Work instruction ->
Set the listing down again exactly, please, apart from its pictures.

Provided material ->
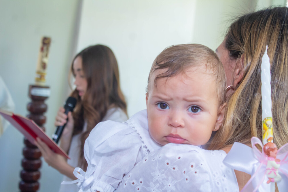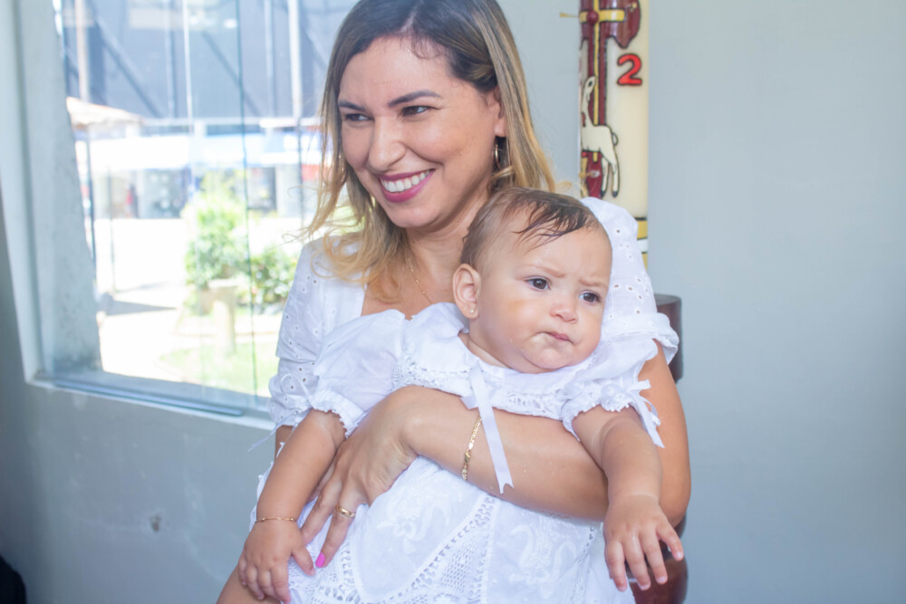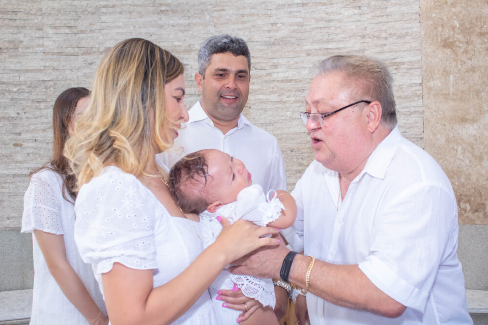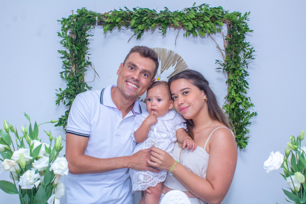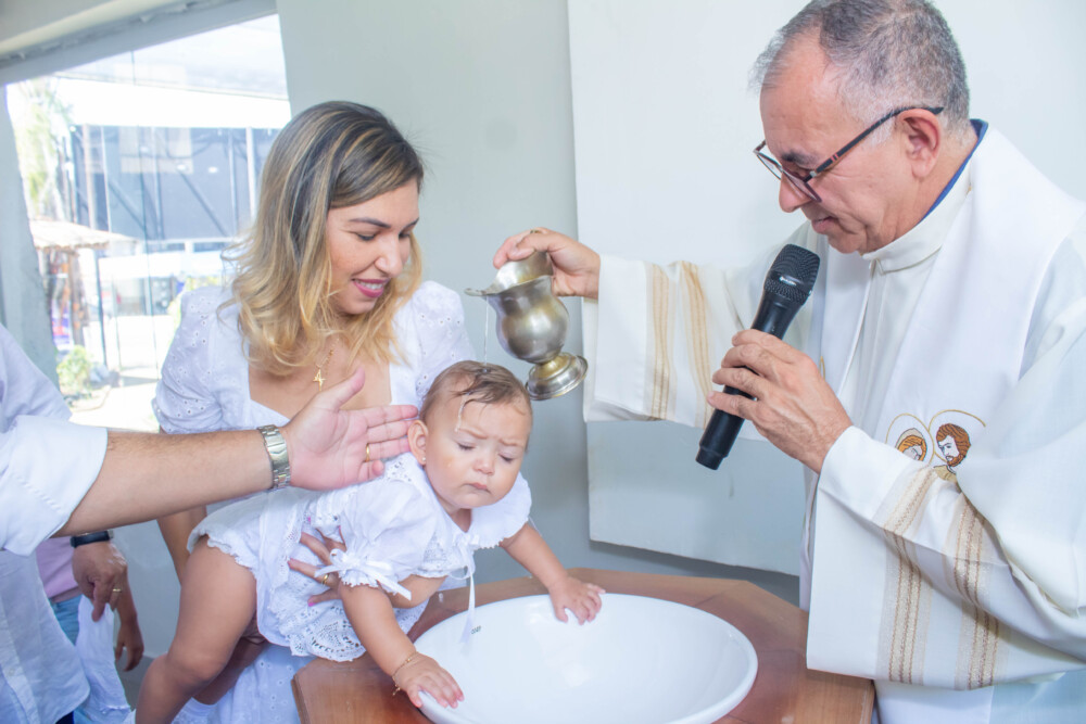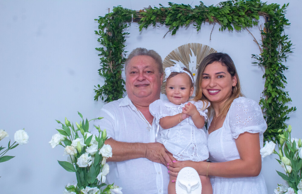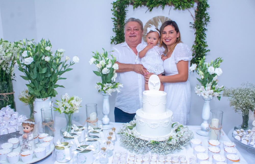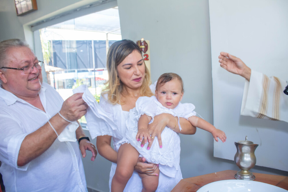 Robson Rodas e Adriana Rodas preparam um lindo batizado, cheio de fé e de luz, para pequena e linda Anathércia receber Jesus.
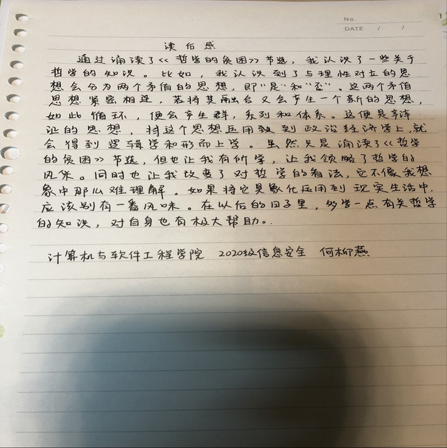 计算机与软件工程学院 信息安全 2020级 何柳燕
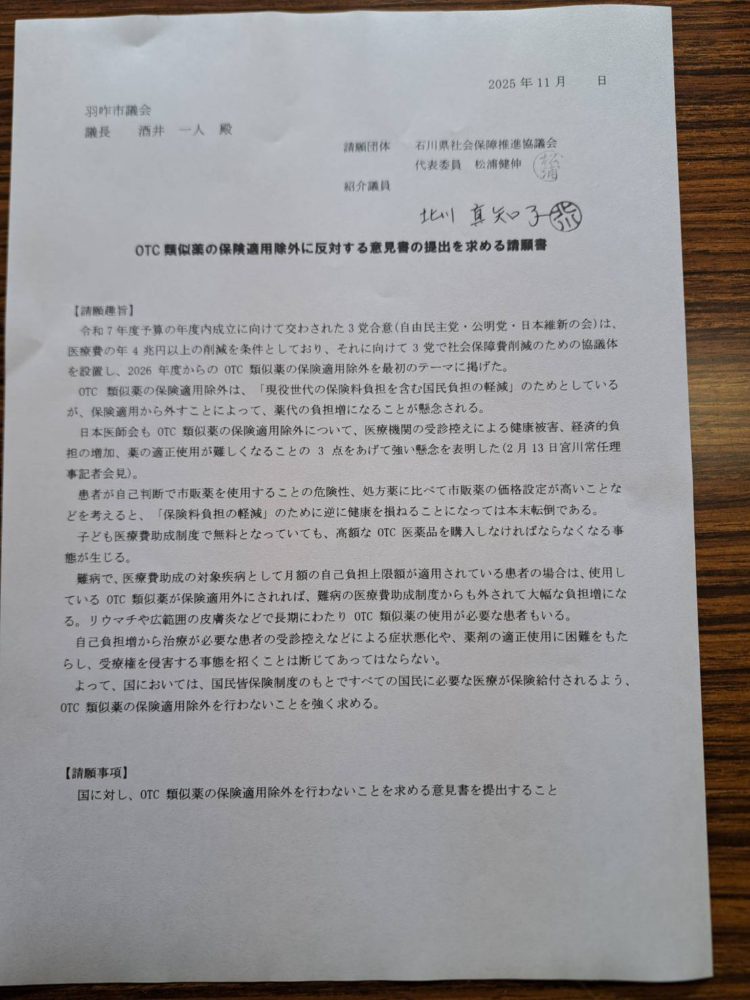 請願第2号 「OTC類似薬の保険適用除外に反対する意見書提出の請願」は、総務民生常任委員会で継続審査とのことです。
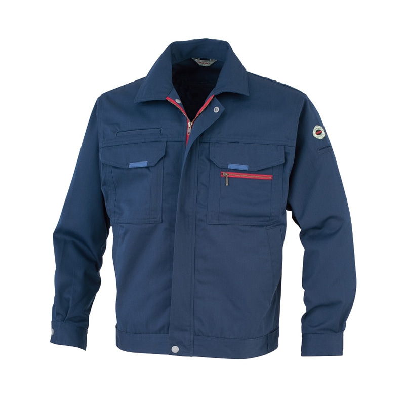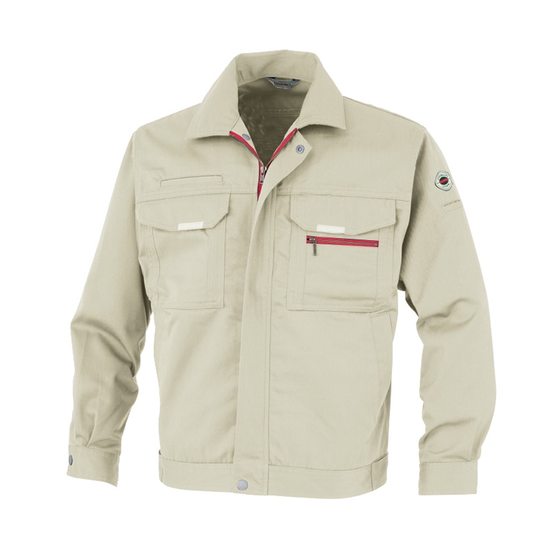 天が二物を与えた長袖ブルゾン。クラシックモダンのテーマと上品でワイルドという相反する二面性を兼ね備えた定王作業服。胸と袖口に施したシークレット反射テープは、身生地と同色の反射テープを使用することで、サラッとしたデザインに仕上がっています。夜間は光をしっかり反射。ワンポイントで、ひし形のDAIRIKIオリジナルワッペンを設置。カフスは、2段階調節可能で好みのフィット感で着用できる仕様になっています。反射テープは背後の人が認識できるように取り付けの位置を設定。サイドアジャストはベルトサイズを2段階調整可能で好みのフィット感で着用できる仕様。

Exercise answer ->
 Robson Rodas e Adriana Rodas preparam um lindo batizado, cheio de fé e de luz, para pequena e linda Anathércia receber Jesus.
 计算机与软件工程学院 信息安全 2020级 何柳燕
 請願第2号 「OTC類似薬の保険適用除外に反対する意見書提出の請願」は、総務民生常任委員会で継続審査とのことです。
 天が二物を与えた長袖ブルゾン。クラシックモダンのテーマと上品でワイルドという相反する二面性を兼ね備えた定王作業服。胸と袖口に施したシークレット反射テープは、身生地と同色の反射テープを使用することで、サラッとしたデザインに仕上がっています。夜間は光をしっかり反射。ワンポイントで、ひし形のDAIRIKIオリジナルワッペンを設置。カフスは、2段階調節可能で好みのフィット感で着用できる仕様になっています。反射テープは背後の人が認識できるように取り付けの位置を設定。サイドアジャストはベルトサイズを2段階調整可能で好みのフィット感で着用できる仕様。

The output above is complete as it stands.